A small group of Russian Orthodox clergy, however, has openly declared its support for Zyuganov. Some are actually monarchists angry about the Western influence that democratic reform has brought to Russia.

Ideologues within the Communist Party of Russia have appealed to them with their promise to recognize Orthodoxy, Buddhism and Islam as”traditional”Russian religions that would have privileged status. Judaism is”somewhat alien to Russia,”said Alexander Shabanov, the party’s ideology chief. Russia must also be protected from the numerous sects that have flooded the country under reforms, he says. Protestant and Catholic groups are not distinguished from cults in this general category.

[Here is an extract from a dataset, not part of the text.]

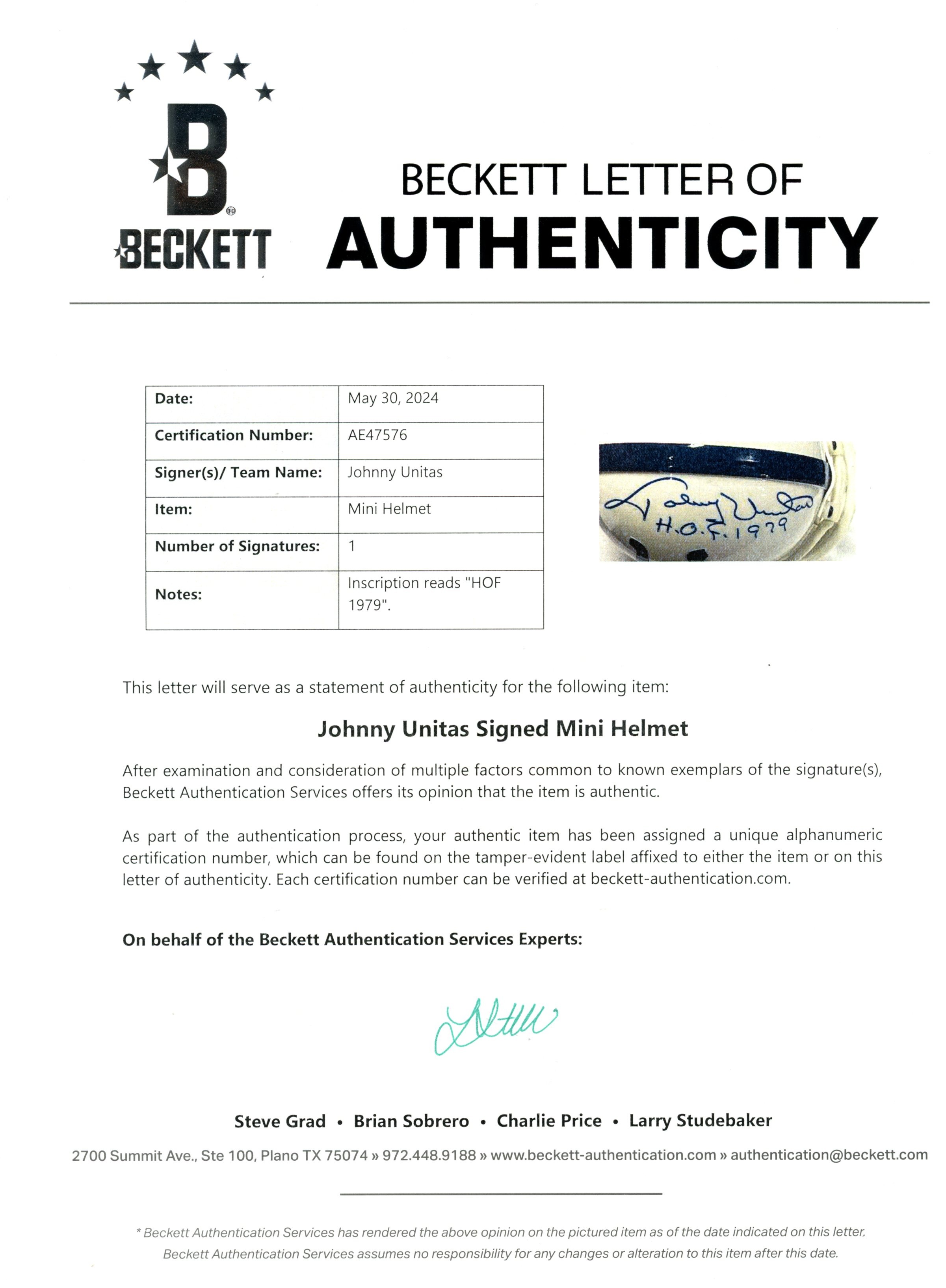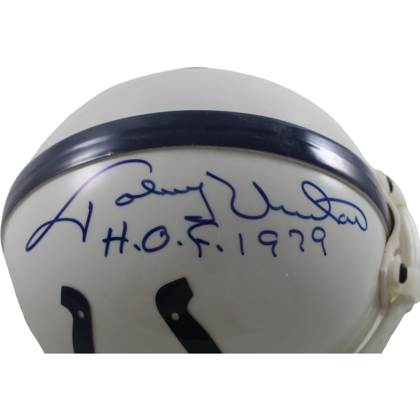 The number in the listing title is just an inventory sku for our records and is not the authentication number. The item pictured is the exact item you will receive, please see photos for condition. This is a Baltimore Colts VSR4 Replica Mini Helmet that was personally autographed by Johnny Unitas includes “HOF 1979” inscription. Includes a certificate of authenticity / hologram from Beckett Authentication Services (BAS) and Denver Autographs. FREE SHIPPING within the USA on orders over $99!

And not all Communists are as well disposed towards Orthodoxy. Viktor Anpilov, head of the radical Working Russia Party, part of Zyuganov’s bloc, has threatened that if the Communists win, the Cathedral of Christ the Savior, now being reconstructed several blocks from the Kremlin, may be destroyed again. The original cathedral was blown up at Stalin’s orders in 1931.

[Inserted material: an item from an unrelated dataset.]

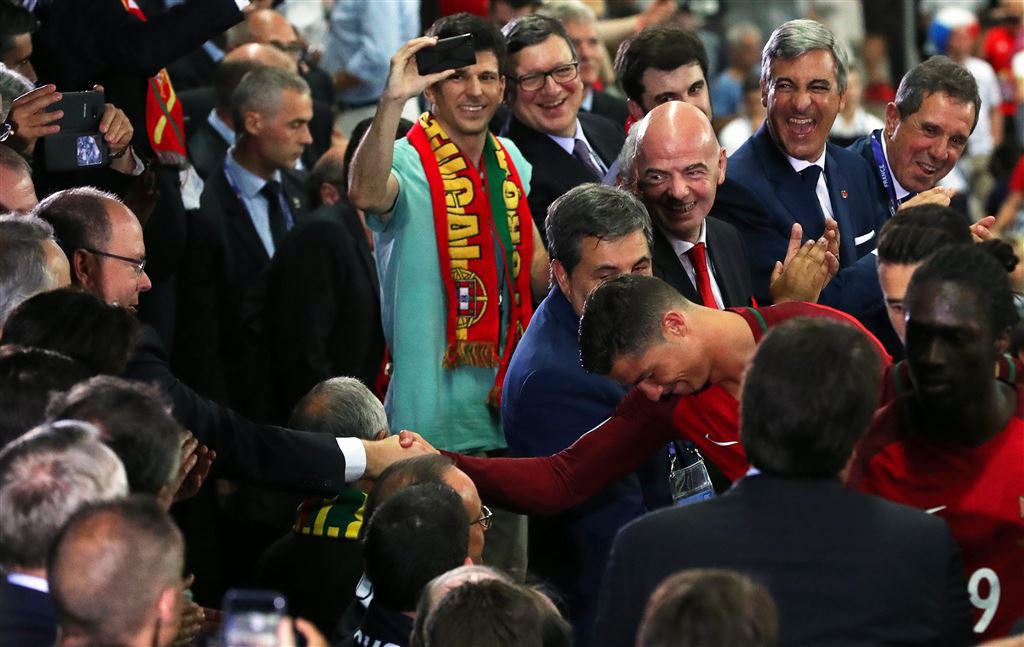 Als aanvoerder van Portugal mocht de geblesseerde Ronaldo de bokaal voor de Europees kampioen als eerste in zijn handen nemen. Maandag werd bekend dat de Portugees zijn kruisband heeft verrekt. Binnen enkele weken kan de vedette weer beschikbaar zijn voor zijn club Real Madrid.

Aman Tuleyev, widely considered to be the heir apparent to Zyuganov in the patriotic bloc, accuses the church of being at Yeltsin’s beck and call.

Patriarch Alexii is now persona non grata even among Communists who say they support the church.”In our state, the patriarch is not the whole church. His opinion is just one opinion,”said Alexei Podberyozkin, head of the Spiritual Heritage Foundation, a nationalist group that is closely allied with Zyuganov.”The bishops and leaders of the parishes, they reflect church opinions.” Metropolitan Kirill of Smolensk, head of the church’s external relations department, whom some have suspected of supporting Zyuganov, criticized clergy who openly back Zyuganov. They have a right to their personal opinion, he recently told reporters, but they must ensure that”there is no confusion in the popular consciousness between a person’s personal position and that of the church.” Priests who are against Zyuganov worry that such confusion is inevitable.”There is a popular thirst for God on top of a complete lack of knowledge,”said the Rev. Georgy Chistyakov of the Church of Saints Cosmos and Damian in the center of Moscow, known for its active social work and liberal preaching.”So it’s very easy for today’s religiosity to be used as ideology, for political goals.”